Monday, May 7, 2018

Dumpster Diving For Fun and Profit 1805


      The picture above is Rob Greenfield and this is a link to his tips on dumpster diving.

      Oh if I only still had my truck! Living in our apartment, I see all the things people toss into the dumpster here. Today there was a computer desk and a treadmill by the dumpster. Now the treadmill probably had a problem, but Maybe I could fix it. The exterior was looking good. If I still had the truck I would have a flea market booth or use an auction service to pick up some loose change. I suppose many of the items I see every week are from people who like me do not have room to carry things in their car when they move, so they set them by the dumpster and walk/drive away. There are a dozen apartment complexes within a mile from me and it seems like if I went out every morning and collected whatever I could find I would do well. We Americans throw away so many things that still have uses. If I had a big truck and a body that would tolerate heavy lifting I would empty houses for people that need to get shed of things before moving. With that there would be fees to go to the dump site, but that would be covered by my charges to empty the house and I could still keep the good stuff and sell it at the flea market. I know I could stay busy and have fun while I did my prospecting. Saturday afternoons when people have garage sales and are getting tired of being there from 7 am to late afternoon and thinking about how they will still have to put away all they did not sell makes them subject to taking pennies on the dollar so they don’t have to deal with their stuff anymore. I would be self-employed, not have to listen to a boss, and I could set my own schedule, as long as I was done by beer time!

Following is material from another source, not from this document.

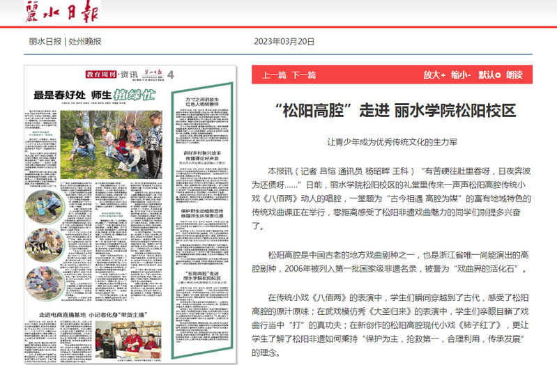3月20日,丽水日报刊发了我校松阳校区邀请“松阳高腔”进校,弘扬优秀传统文化,加强校地文化交流互融,推动文化共富的消息。

      It’s funny how I learn things too late to late in life to do anything about them. I learned how to work on electronic hardware back when radios, TVs, computers, were not terribly reliable. Now most problems are software, which for the most part baffles me. I learned to work on cars, but now they are so complex and require so much expensive testing equipment I am lost under the hood of a car. These days if you have a six cylinder front wheel drive minivan it takes a lift to get at the sparkplugs. Some require a jack to lift the engine to change plugs.

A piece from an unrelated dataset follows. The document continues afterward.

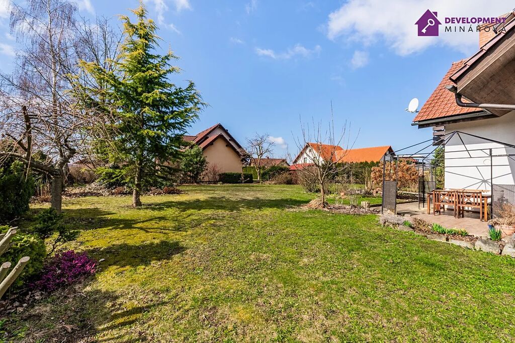 • Dispozice 5+1, užitná plocha 146,22 m², pozemek 1 013 m² - prostorný obývací pokoj s navazující jídelnou, kuchyňský kout, 4 pokoje v patře, 2 koupelny

      One thing seems certain, with low-priced goods people buy more than they need and throw away a lot that still has good use left in them and there are plenty of low-income people who still can’t afford new things, while many high-income people toss things away just to change their decor or to suit their whims. “One man’s trash is another man’s treasure.” Whomever said that long ago is still correct. I sure find it interesting to see what people throw away and wonder about why they did it.
      On the dark side, recently there were two people here in a jeep that had bicycles on top and the inside was full of things. A man who lives in the apartments here came home from work in the early morning and recognized the Jeep did not belong to anyone who lived here. There was a man outside the dumpster and a woman in it. She was tossing bags of papers out to him. The man tried to hide when the man who lived here was passing by on his way home. The man who lived here called the police. It turned out the bicycles on top the jeep were stolen as were the goods inside and the bags of paper were going to be used for identity theft.